If you have a question about this talk, please contact Pietro Lio.

Various studies indicate that microbial dysbiosis is associated with oral and systemic diseases (Han, 2015). Fusobacterium nucleatum (F.nucleatum), a Gram-negative anaerobe naturally found in the oral cavity of humans, contributes to periodontal disease, as well as oral and colorectal cancers (Patel et al., 2022; Queen et al., 2025). The association of F. nucleatum with oral squamous cell carcinoma (OSCC) highlights its role via oncogenic signaling pathways and has metabolic adaptability in the tumor microenvironments (Lim et al., 2025).To better understand F. nucleatum metabolic capabilities and environmental factors that promote cancer-associated strain growth in a specific niche, such as the oral cavity, this study constructs a comprehensive metabolic model to predict its growth dynamics by leveraging machine learning-informed genome-scale metabolic modeling (GEM) (Kapatral et al., 2002). This study wished to facilitate oral cancer screening and early diagnosis, thus focusing on Fusobacterium nucleatum strain ATCC 25586 , which naturally appears in the oral cavity.

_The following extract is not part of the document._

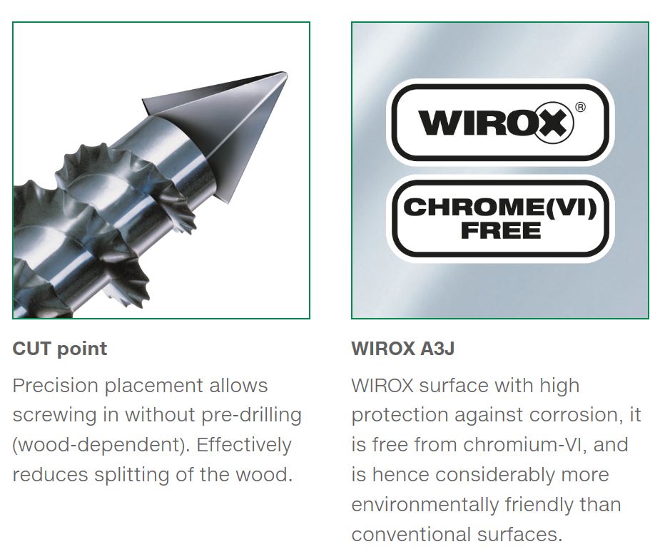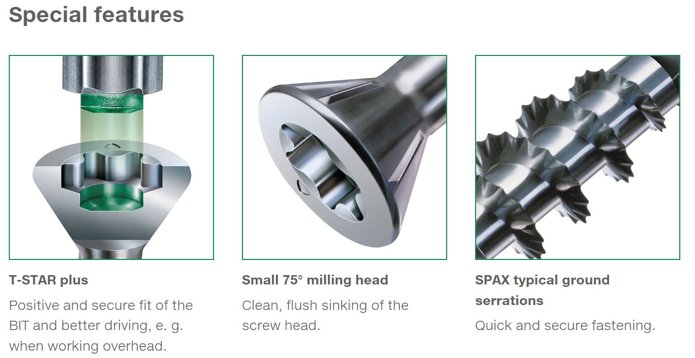 type de meche : T-STAR plus 15. Particulierement adapté aux panneaux MDF. Sans pré-perçage (mais requis pour certains), réduction du risque de déchirement et de bombement du matériau. Pointe CUT avec filetage ondulé pour un vissage facile. Tete spéciale étroite avec un angle de 75° et une gorge de fraisage pour un fraisage propre. Filetage partiel pour un serrage ferme de la piece supérieure. Finition WIROX - résistance a la corrosion multipliée par 20 par rapport aux vis standard. Les avantages ci-dessus combinés a la gorge T-STAR plus. Nous recommandons l’utilisation des meches originales T-STAR plus, assurant une fonction parfaite. Le montage garantit un meilleur centrage et transfert de force, empechant le dérapage lors d’une pression latérale. L’utilisation de meches Torx classiques ne permet pas de tirer pleinement parti des améliorations de la gorge. Utilisé également comme remplacement du confirmat.

To systematically investigate F. nucleatum’s metabolic behavior, COBR Apy, a Python-based constraint-based modeling framework, is used for it allows mechanistic interpretation, genome-scale predictions of microbial growth under defined environmental constraints. COBRA -based features (e.g., nutrient flux profiles, biomass predictions) can be used later as inputs to train machine learning models that predict disease associations or therapeutic responses based on a specific oral nutrient environment (Heirendt et al., 2019).

To generate a metabolic model that COBR Apy can analyze, the complete genome of F. nucleatum ATCC 25586 was initially annotated using Prokka, providing a detailed catalog of its genetic components. The annotated genome was then utilized with CarveMe to reconstruct a genome-scale metabolic model, comprising 1914 reactions and 1339 metabolites, with 582 associated genes. Flux Balance Analysis (FBA) was applied to determine the optimal growth rate, which was predicted to be 67.42h⁻¹ under ideal nutrient-rich conditions. The flux through the biomass reaction represents the rate at which the bacterium produces those metabolites necessary for its growth (e.g., amino acids, lipids, cofactors, and proteins). The biomass flux returned by COBRA is the specific growth rate that can be used to calculate the specific biomass of the bacteria at a specific time using an exponential function. Therefore, biomass flux can be used as an indicator of the growth rate of the bacterium.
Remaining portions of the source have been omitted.